Reward with back scratches and chest if he won't take snacks.


----------



## LeapofFaith (Jun 29, 2016)

Thanks! I'll give that a try the next few days


----------



## Bansil (Jul 23, 2015)

:think: how about a skate board?

the goat will climb on...well..just because it's there, then a light pull and he will either love it, poop everywhere or headbutt you

Oh make sure to video tape it...you know, for prosperity and all :stars:


----------



## goatnutty (Oct 9, 2007)

First of all, I admire your patience and really appreciate all of the effort you are putting into this. I agree with all of the things that have been said. We have used it all feed, treats, pulling on the tail, and just dragging them behind. Unfortunately some of them are just plain stubborn and it takes a while. It also doesn't help if he isn't used to being handled. Have you tried to use the pronged show collars? That is what the majority of our weather exhibitors use and although it may seem cruel they don't hurt them if used properly and seem to really make a difference.


----------



## Bansil (Jul 23, 2015)

goatnutty said:


> I agree with *all* of the things that have been said. We have used it *all* feed, treats, pulling on the tail, and just dragging them behind.


You tried the skateboard idea :shock: how did it go? :wink:

Let's go home and feed the cats, fish and Goats :wave:


----------



## goatnutty (Oct 9, 2007)

Bansil said:


> You tried the skateboard idea :shock: how did it go? :wink:
> 
> Let's go home and feed the cats, fish and Goats :wave:


hahaha okay maybe I should rephrase that. :lol:I'll remember to try that with this years kids and I'll let you know how it goes!


----------



## dreamacresfarm2 (May 10, 2014)

lol this is exactly why my babies get collars and walked starting at a few days old.


----------



## Retiredokjusttired (Jun 26, 2016)

I'm just throwing this out there....seems you may need some desperate measures. 
In horses the more difficult horses are the ones you can't get moving...they tend to explode once they do. The fast moving "wild" looking horse is easier to deal with then the "dead" horse to me any day. Seem like you have a "dead head" goat.

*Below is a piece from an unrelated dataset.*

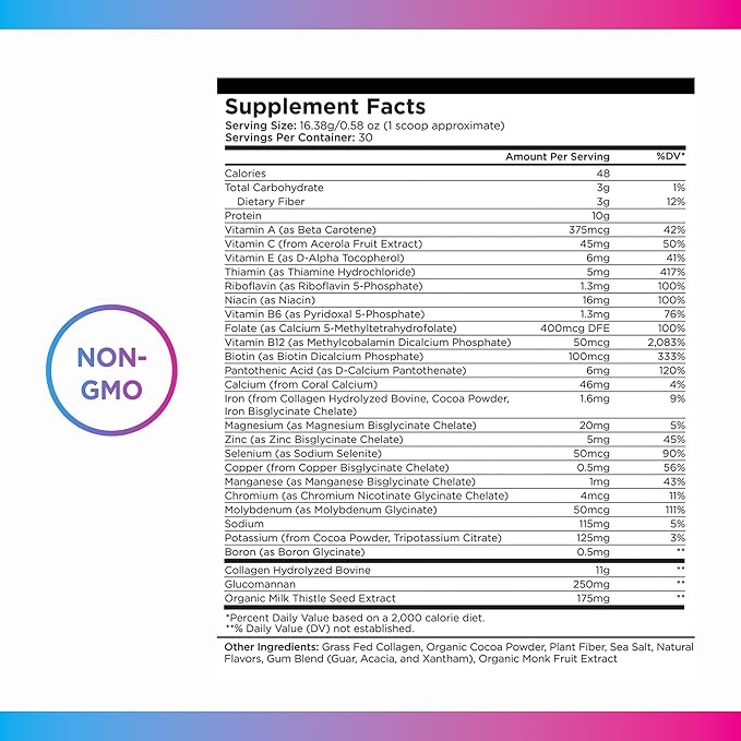 - Special Ingredients : Vitamin A (as Beta Carotene), Vitamin C (from Acerola Fruit Extract), Vitamin E (as D-Alpha Tocopherol), Thiamin (as Thiamine Hydrochloride), Riboflavin (as Riboflavin 5-Phosphate), Niacin (as Niacin), Vitamin B6 (as Pyridoxal 5-Phosphate), Folate (as Calcium 5-Methyltetrahydrofolate), Vitamin B12 (as Methylcobalamin Dicalcium Phosphate), Biotin (as Biotin Dicalcium Phosphate), Pantothenic Acid (as D-Calcium Pantothenate), Calcium (from Coral Calcium), Iron (from Collagen Hydrolyzed Bovine, Cocoa Powder, Iron Bisglycinate Chelate), Magnesium (as Magnesium Bisglycinate Chelate), Zinc (as Zinc Bisglycinate Chelate), Selenium (as Selenium Chelate), Copper (from Copper Bisglycinate Chelate), Manganese (as Manganese Bisglycinate Chelate), Chromium (as Chromium Nicotinate Glycinate Chelate), Molybdenum (as Molybdenum Glycinate), Chloride, Sodium, Potassium (from Cocoa Powder, Tripotassium Citrate), Boron (as Boron Glycinate), Collagen Hydrolyzed Bovine, Glucomannan, Organic Milk Thistle Seed Extract, Grass Fed Collagen, Organic Cocoa Powder, Sea Salt, Natural Flavors, Gum Acacia, Organic Monk Fruit Extract Vitamin A (as Beta Carotene), Vitamin C (from Acerola Fruit Extract), Vitamin E (as D-Alpha Tocopherol), Thiamin (as Thiamine Hydrochloride)… See more

I have had to move several 3 month old babies and 2 bottle calves from pen to pen ...not using a halter...but needing to get them all going in the same direction. I got frustrated one day with the calves and grabbed the lid of a tote. Like one you can put feed in or store clothes in or anything can be stored in really. I got behind them and kept it lo, rear and leg level to them....gave them some space and started swinging it from side to side. If they wouldn't go I tapped them on the butt with it. Light tap and made a swishing noise. They were afraid of it. They moved and it was easy to get them moving and guide them with it. I did the same thing to herd my goats. They trained to it fast.
If you have a partner to help you put the goat on the lead and find something light and flat...also with some color...loud color will help, Mine was blue. Have your helper move it behind him to get the goat moving.....you are not gonna get any training in if his feet don't start moving. Get him moving even if he is wild and go from there. Seems to me you need forward motion before anything else. Just a thought and I hope you get him going soon. You have worked to hard not to.


----------



## LeapofFaith (Jun 29, 2016)

I might try the pronged collar, I know for dogs (I show them) that sometimes dogs need them and that if used correctly, it can't hurt them. Unfortunately I haven't been To the barn the past week and have had to have a friend feed them (I'm irritated, I really need to be out there a few hours a day) so I will try that. If that doesn't work I'll try the board idea! Thanks for all the extra advice. I'll let you guys know if any of them work


----------



## bk0110 (Jan 1, 2016)

Manna Pro Licorice Treats for goats is like the best treat ever!
I only work the goats 10 minutes each and stop on good note-they love working and stand at fence to be tied and try to walk to circles to right and one straight line with inside turn and a stop and stack.


----------